What to work on: Your answer must be the records below, given again exactly, with no pictures in it.

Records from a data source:
Start of Block
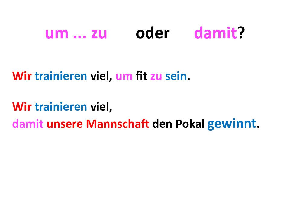 - Wozu? - um... zu + Infinitiv Denis treibt Sport, um mit seinen Freunden zusammen zu sein, um Schulstress abzubauen und den Kopf.... Claudia treibt Sport,... Sven treibt Sport,... frei zu bekommen. um fit und gesund zu bleiben. um sich auszutoben und zu entspannen.
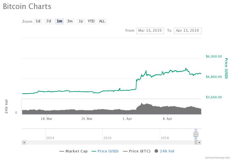 On April 12, bitcoin experienced an 8 percent fall from over $5,400 to around $4,950 in most major crypto markets, demonstrating a relatively large retracement.
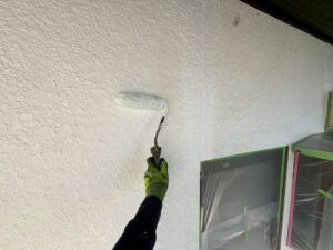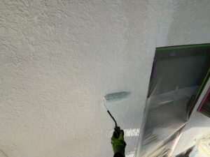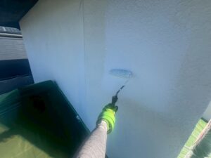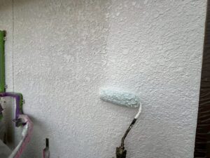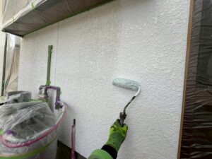 外壁・壁面1F/2F:下塗り・水性SDサーフエポプレミアムのローラー塗り施工:材料を均等に塗布します。
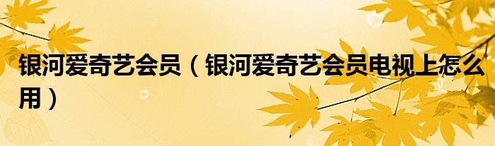大家好,跳跳为你解答以上问题。银河爱奇艺会员,银河爱奇艺会员电视上怎么用这个问题很多人还不知道,现在让我们一起来看看吧!
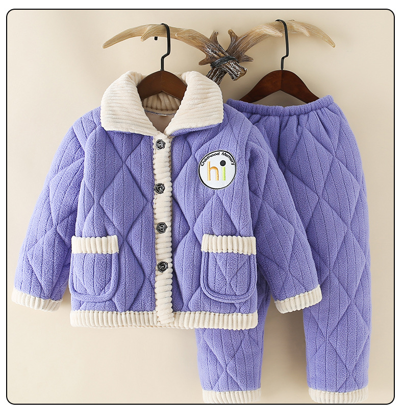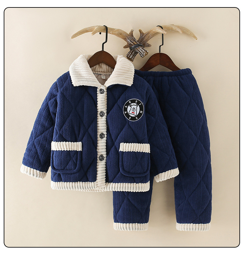 어린이 겨울 퀼트 잠옷 소년 큰 아이들 따뜻한 3 층 퀼트 가정 옷 세트 머리카락 세대스토어 가기
End of Block
Answer to the exercise:
 - Wozu? - um... zu + Infinitiv Denis treibt Sport, um mit seinen Freunden zusammen zu sein, um Schulstress abzubauen und den Kopf.... Claudia treibt Sport,... Sven treibt Sport,... frei zu bekommen. um fit und gesund zu bleiben. um sich auszutoben und zu entspannen.
 On April 12, bitcoin experienced an 8 percent fall from over $5,400 to around $4,950 in most major crypto markets, demonstrating a relatively large retracement.
 外壁・壁面1F/2F:下塗り・水性SDサーフエポプレミアムのローラー塗り施工:材料を均等に塗布します。
大家好,跳跳为你解答以上问题。银河爱奇艺会员,银河爱奇艺会员电视上怎么用这个问题很多人还不知道,现在让我们一起来看看吧!
 어린이 겨울 퀼트 잠옷 소년 큰 아이들 따뜻한 3 층 퀼트 가정 옷 세트 머리카락 세대스토어 가기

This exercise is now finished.